To ensure compliance with statutory labour laws, you need to adhere to regulations on wages, working hours, provident funds, and more. The Startup India scheme allows for self-certification under six key labour laws, offering a streamlined process for new companies:

  • Employees State Insurance Act, 1948
  • Employee Provident Fund and Miscellaneous Provisions Act, 1952
  • The Payment of Gratuity Act, 1972
  • The Building and Other Construction Workers’ (Regulation of Employment and Conditions of Service Act, 1996)
  • The Contract Labour (Regulation and Abolition) Act, 1970
  • The Inter-State Migrant Workmen (Regulation of Employment and Conditions of Service) Act, 1979

Employment Contracts/Agreements

While inspections are waived for the first year under this scheme, subsequent compliance returns must be filed as required. 

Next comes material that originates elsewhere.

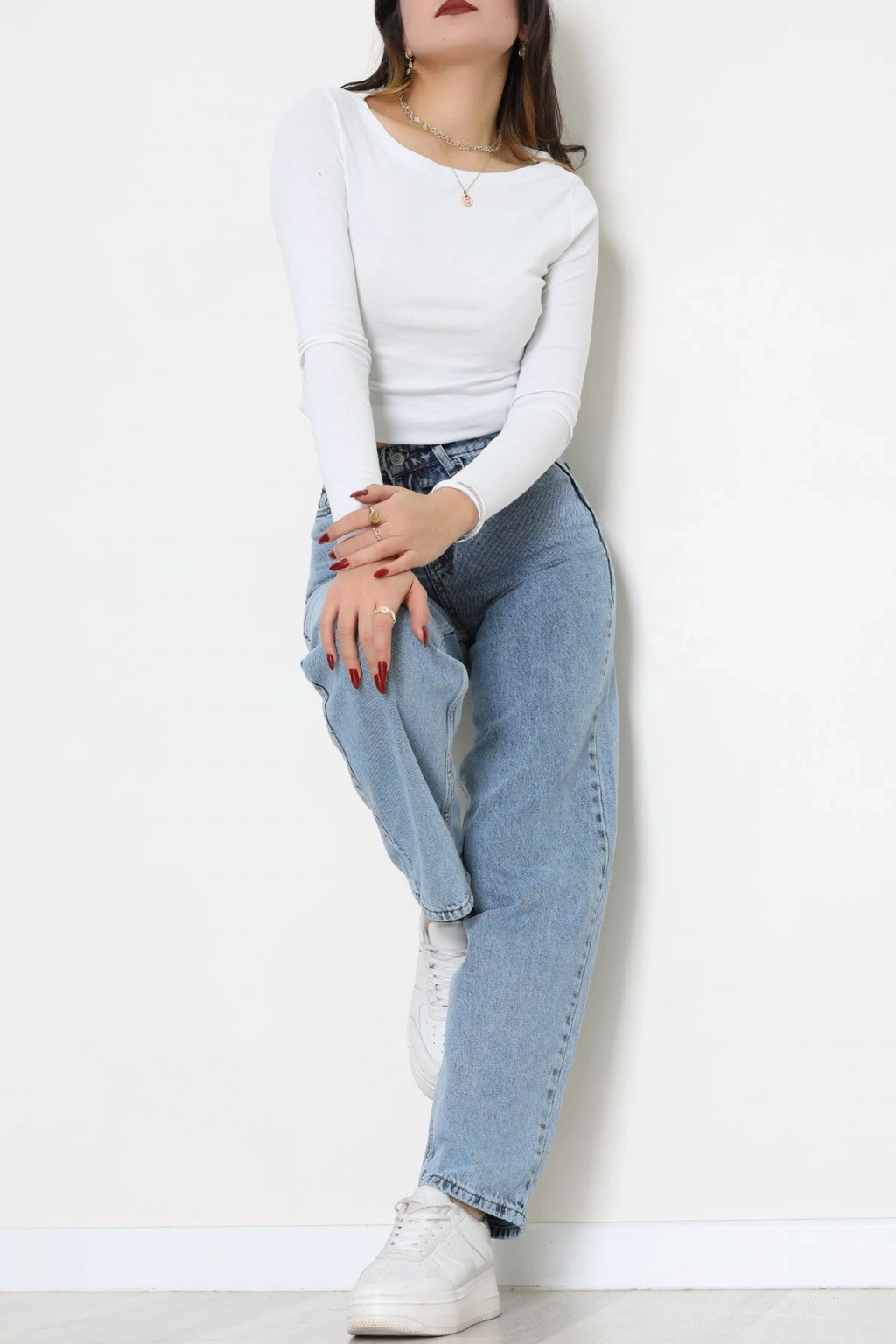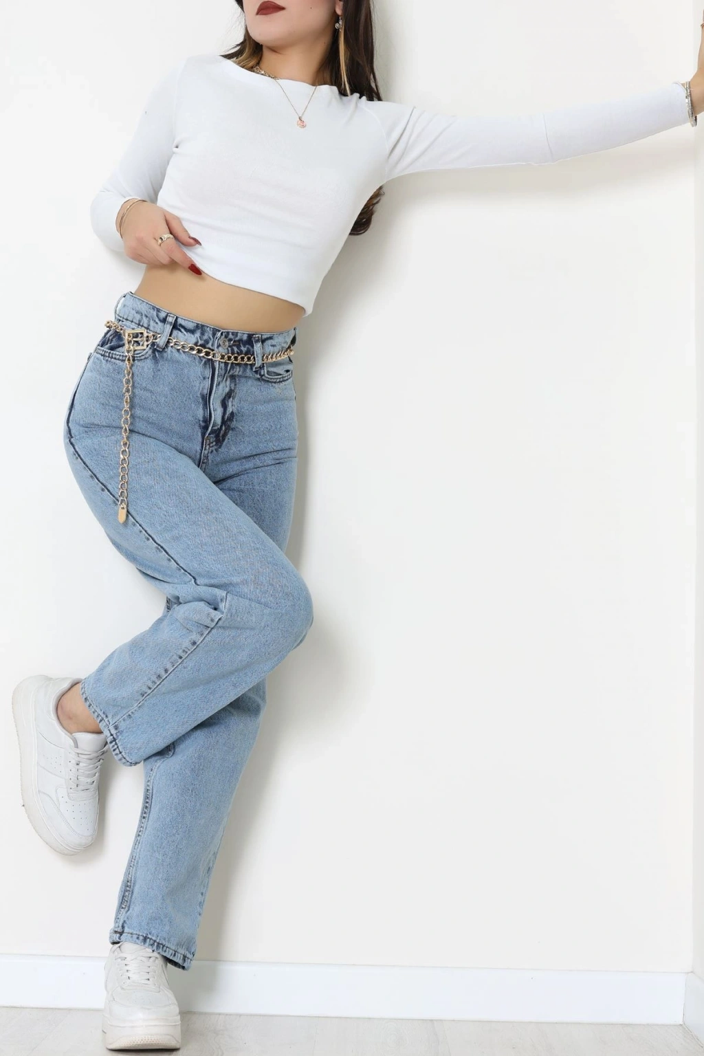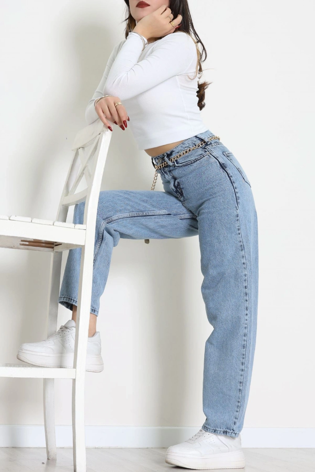 Arkası Tokalı Baggy Kot Pantolon Buzmavi - 31895.1606.

Drafting clear contracts is essential for managing relationships with employees, vendors, and other stakeholders. Key agreements include:

  • Offer Letter: Details the terms of employment and is executed on stamp paper, with state-specific stamp duty.

  • Intellectual Property (IP) Agreement: Ensures ownership of IP created by employees during their tenure.

  • Non-Disclosure Agreement (NDA): Protects confidential information, available in Mutual or One-Sided forms, with a standard stamp duty of Rs. 100 in most states.

Employee Stock Option Plan Employee Stock Option Plan

Establish an ESOP to motivate and retain employees. Ensure your Articles of Association allow for ESOPs, get shareholder approval, and possibly form a compensation committee to design the plan. Typical ESOP pools range from 5% to 15% of the company’s equity.

03.

Other Compliances

As your business grows, additional legal requirements may come into play.

Import Export Code (IEC)

Apply for an IEC to engage in international trade. You can submit your application online at DGFT or offline using Form ANF-2A. Required documents include:

  • Bank account details and banker’s certificate
  • Applicant’s photograph
  • Company’s incorporation documents, PAN copy, and board resolution extract
  • Form 18 for changes to registered office, if applicable

Environmental Laws

Ensure compliance with environmental regulations to manage emissions, waste, and resource use. Startups can use a self-certified declaration under three environmental laws for simpler compliance.

Intellectual Property

Protect your business ideas and innovations through trademarks, patents, and copyrights. For registered startups, the application process for IP protections is simplified, with the government covering certain registration costs.

Navigating the post-incorporation phase may seem complex, but addressing these requirements early sets a strong foundation for your company’s future success. By staying on top of these legal obligations, you can focus on growing your business and achieving your long-term goals.